> _Activity_
Your answer must be the lines from the first record through the line that contains "I saw these", copied exactly and without any pictures.

*** Opening of Records for this exercise ***

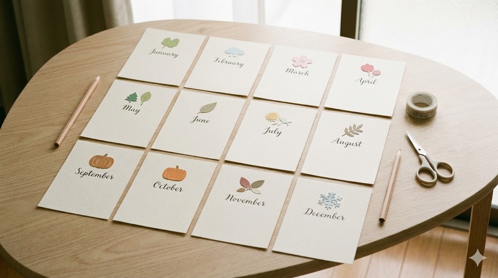 | 2月 | バレンタイン・送別準備 | ギフトタグ、ラッピング、寄せ書き台紙 | 12〜1月 |
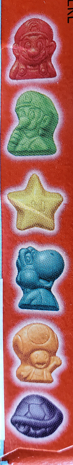 I saw these in grocery stores in 2020 and I also have to say that they taste like your run-of-the-mill fruit snack. They come in 6 different shapes- Mario (bust), Luigi (bust), Starman, Yoshi (bust), Toad (bust), and Koopa shell. Also, interesting to note is that I always find more Marios in each pouch than Luigis. I don't know if that's typical or unique only to my experience.
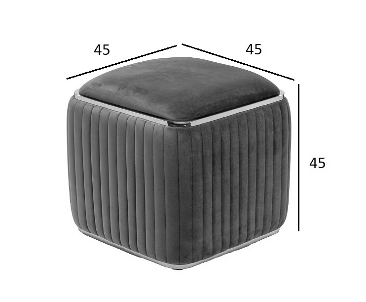 Велюровый пуф из серии Glarus - элегантность формы, сочетание гладкого и волнистого велюра, металлической отделки. Велюровый пуф с эффектным декором из «золотого» металла украсит собой интерьер гостиной, холла, спальни, прихожей. Он станет стильной компанией дивану и креслам из серии Glarus. Компактный квадратный пуф полностью отвечает концепции стиля ар-деко – обивка из мягкого велюра, изысканный блеск отделки из нержавеющей стали, современная форма. Он занимает минимум места в помещении, но при этом приносит максимум пользы – добавляет уюта, выполняет функции дополнительного сидения, придает обстановке изысканности и шика. Вы можете купить коричневый пуф в сочетании с другой мебелью в стилистике современного ар-деко. Сочетается с двухместными диванами 102AN-DIV-1302-KOR, трехместными 102AN-DIV-1303-SER и креслами 102AN-KRES-1301-SER.
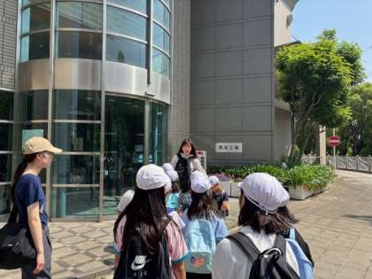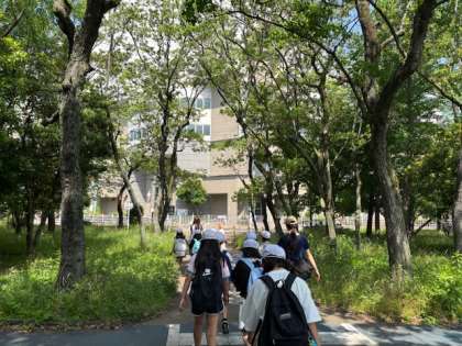 今日は4年生が社会見学で西淀焼却工場に来ました。緑いっぱいの場所を通り、到着しました。
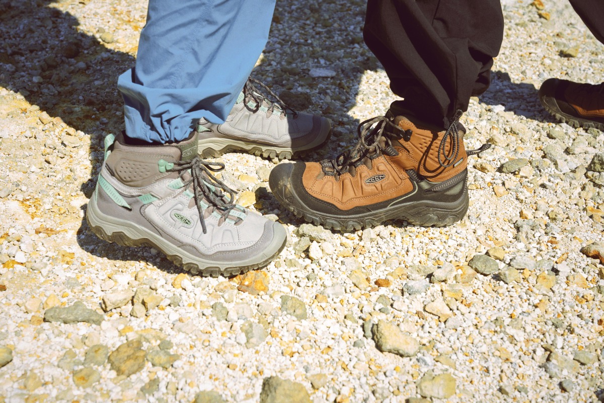 キーンのフラッグシップモデルである「ターギー」シリーズは、足入れしやすい構造やつま先を保護するトゥ・プロテクションなど、山歩き初心者からベテランの人まで使いやすいトレッキングシューズ。その新作である「TARGHEE IV」は、足入れしやすいかたちはそのままに、アッパー部分の素材や設計を見直し。より足になじむつくりに仕上げられています。

*** Close of Records for this exercise ***

> _Answer space_
 | 2月 | バレンタイン・送別準備 | ギフトタグ、ラッピング、寄せ書き台紙 | 12〜1月 |
 I saw these in grocery stores in 2020 and I also have to say that they taste like your run-of-the-mill fruit snack. They come in 6 different shapes- Mario (bust), Luigi (bust), Starman, Yoshi (bust), Toad (bust), and Koopa shell. Also, interesting to note is that I always find more Marios in each pouch than Luigis. I don't know if that's typical or unique only to my experience.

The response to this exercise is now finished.